In the example of storing data in an NSNumber object, you may have wondered how anyone could possibly know that you can use the two methods numberWithInt and numberWithFloat for storing data in an NSNumber object, or the stringValue property for retrieving data as a string. The answer is that you have to look up method and property names for classes in the Developer Documentation.

Note

Properties hold data, and methods are subprograms that do something useful such as manipulate the properties stored in that object.

Any time you create an object based on one of Apple's existing classes (typically identified by the NS prefix, such as NSString), you can find all the method and property names for that class by browsing through the Developer Documentation within Xcode:

  1. From within Xcode, choose Help

    Looking Up Method and Property Names for NS Classes
  2. Click the Search field in the upper-right corner of the window.

    The Search field in the Organizer window

    Figure 8-3. The Search field in the Organizer window

  3. Type a class name such as NSNumber. Then press Return. The right pane displays the NSNumber class reference, as shown in Figure 8-4.

    The class reference lists all the available methods.

    Figure 8-4. The class reference lists all the available methods.

  4. Scroll down the right pane until you see the list of methods or properties available for your chosen class, as shown in Figure 8-5.

    Each class reference lists all its available methods.

    Figure 8-5. Each class reference lists all its available methods.

  5. Click a method or property name that you want to read about. Detailed information about your chosen method appears as shown in Figure 8-6.

    Clicking a method name displays detailed information about that method.

    Figure 8-6. Clicking a method name displays detailed information about that method.

At any time, you can click the Back (or Forward) button to view a previously viewed screen. When you're done, click the close button in the upper-left corner of the Organizer window to make it go away.

Summary

Objects make Mac programming easier in several ways. The most obvious way is that you can use objects written by Apple in your own programs.. These prewritten classes form Apple's Cocoa framework, which provides tested and reliable code for performing common types of tasks. Using the Cocoa framework saves you time so that you can focus on writing the code that's unique to your particular program.

To create an object, you have to start with a class, which consists of two separate files that work together, a header (.h) file and an implementation (.m) file. Creating an object is much like declaring a variable. First you need to define a class. Then you can use a single class file to create multiple objects.

When you create your own class files, you'll need to write Objective-C code that defines the properties and methods. However, when you use classes stored in Apple's Cocoa framework, you don't have to write any code at all.

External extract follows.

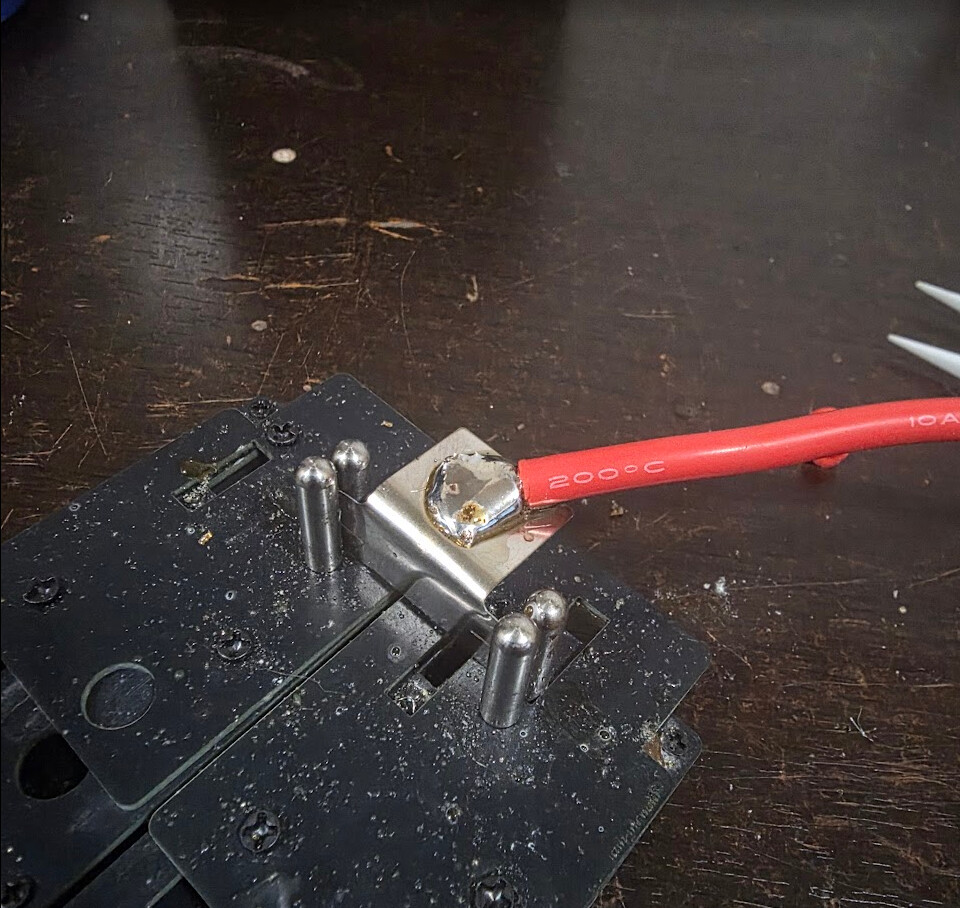 Those ugly spots, is that something getting burnt in the process? I tried to add some solder to the tip before soldering the lead and blob together, feels like it may have been on the tip too long.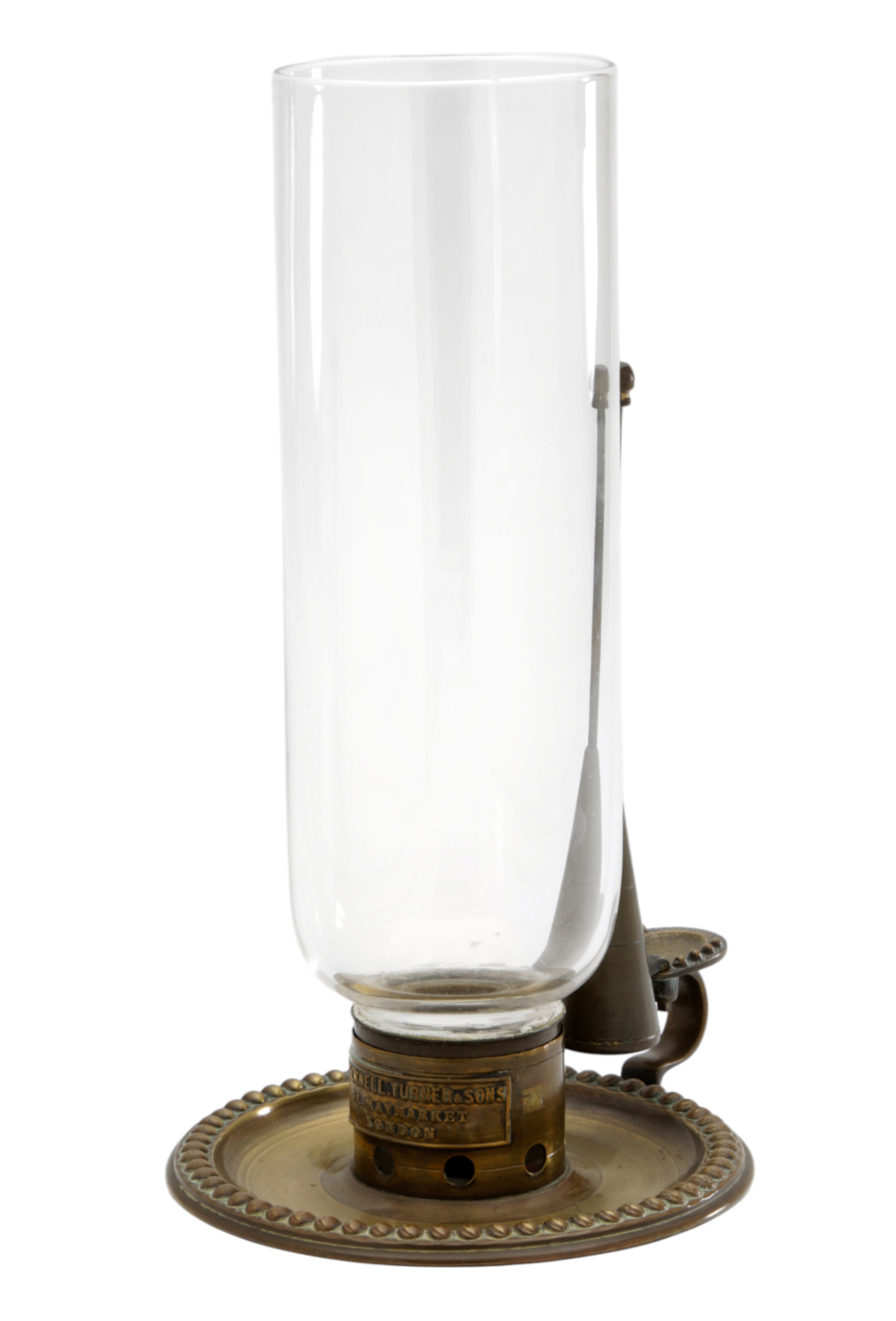 telescopic, spring-loaded and with a glass shade, together with a Victorian brass chamberstick, retailed by Brecknell Turner & Son, the circular tray base with beaded rim and scrolled handle, a glass storm shade and douter, brass plaque stamped 'BRECKNELL TURNER & SON, 31 HAYMARKET LONDON' to collar around socket (2)

To determine what properties and methods are available in an object created from the Cocoa framework, you'll need to search through the Developer Documentation, which you can access through the Xcode Help menu.

Object-oriented programming is nothing more than an arbitrary way to divide a large program into smaller, more manageable parts. Objects help reduce the number of errors or bugs by eliminating the possibility that data can be modified by mistake from another part of your program.

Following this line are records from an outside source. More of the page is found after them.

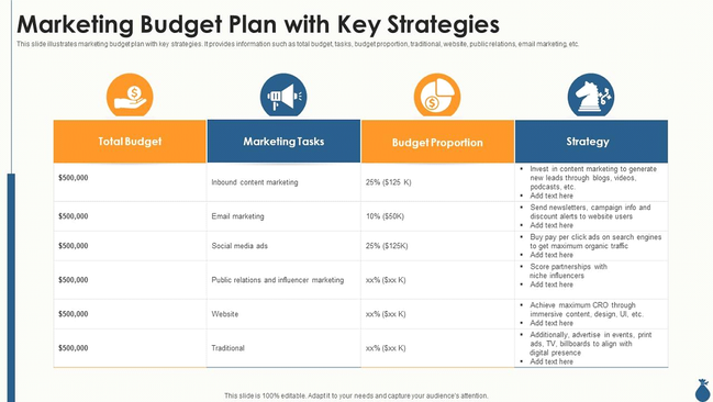 When putting a strategy into practice, take into account the marketing budget you’ll devote. There are several reasons why marketing is expensive, such as paid commercials, marketing software, events, and outsourced expenditures. When creating the plan, take your budget into account so you have money to use for marketing strategies that will help you reach your goals.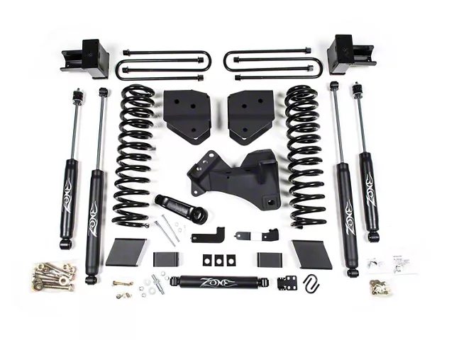 Tough Off-Road Design. Prepare for more exciting drives in your F-250 with this Zone Offroad 4-Inch Suspension Lift Kit with Nitro Shocks to boost your game. Designed to handle tough terrain and mange larger tires, it lifts your vehicle by 4 inches and features heavy duty coil springs and lifts blocks or optimal support and drive dampening.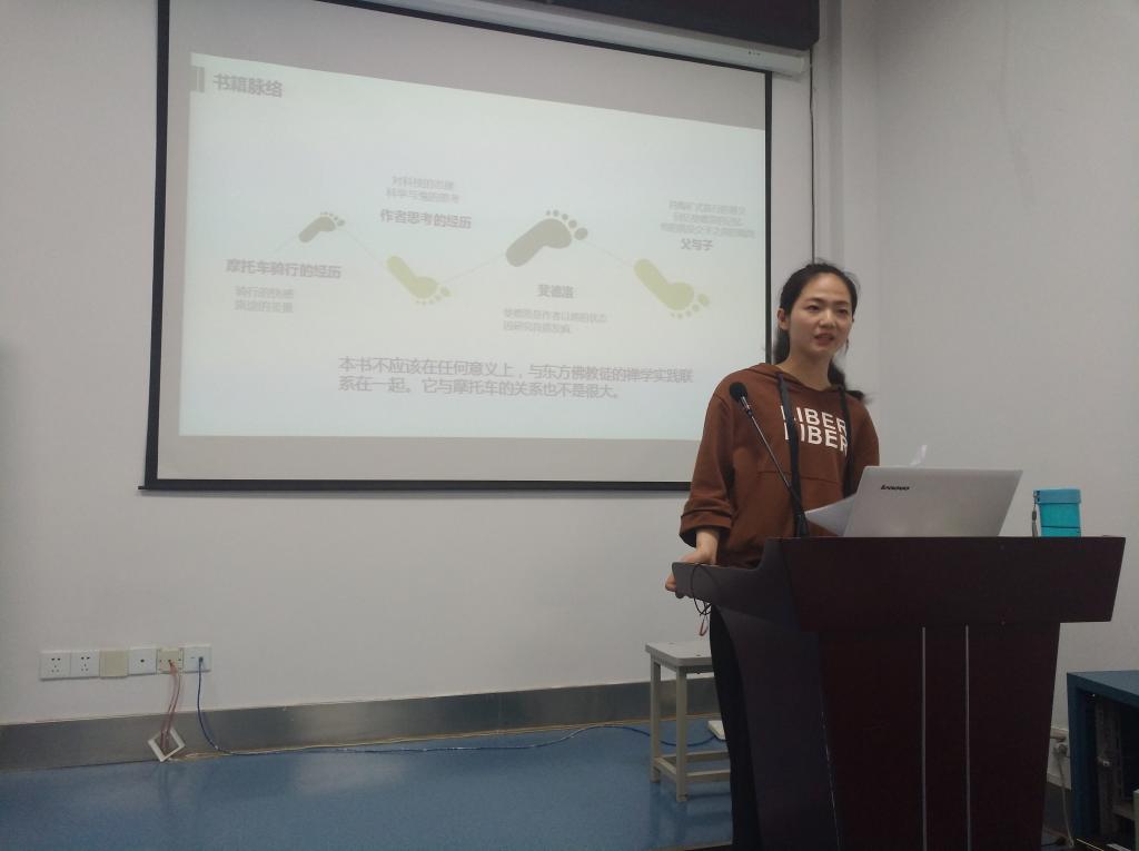 本次活动主题为“品阅书香,读享青春”。共有20位同学带着自己的阅读书目和体会参与了本次活动。大家用精心准备的PPT和讲稿,向同学们推荐了对自己影响巨大的书籍。涉秘141的朱妍秋推荐了海明威的冰山创作原则的起始之作——《太阳照常升起》;“人生碌碌,竞短论长,却不道荣枯有数,得失难量”,新闻152的李梦宇分享的《浮生六记》颇有深意;高秘141的李梦凡同学带来的《禅与摩托车维修艺术》,理性与感性的碰撞,诗意与科技的融合,引人深思;《站在两个世界的边缘》,“天堂未必在前方,但地狱一定在身后”,中文163的孙静同学分享的是一本当代书籍,同时就该书发表了自己的见解,十分精彩。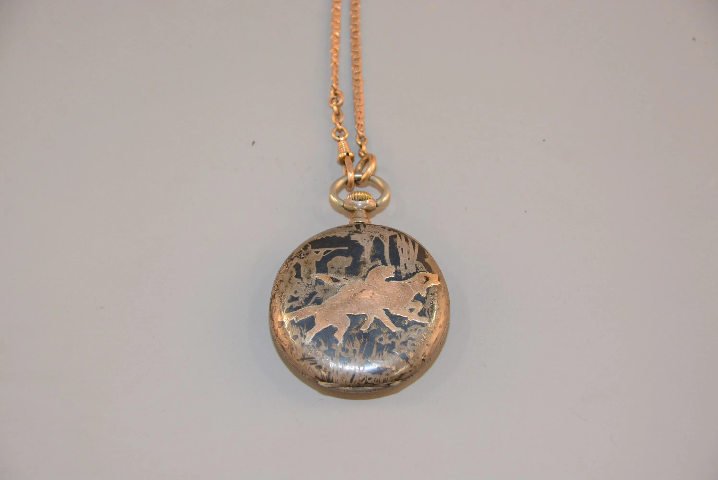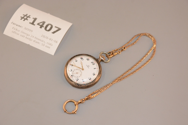 1407. Fickur Omega 24-timmars, röda siffror inkl kedja diam: 50 mm

Objects also act as building blocks that you can use to create a program without having to know how they work. All you need to know is how to use them. When creating your own Mac programs, the objects based on Apple's Cocoa framework let you create the user interface and code for performing common tasks without having to write any code yourself. All you need to do is write code for making your program actually do something useful.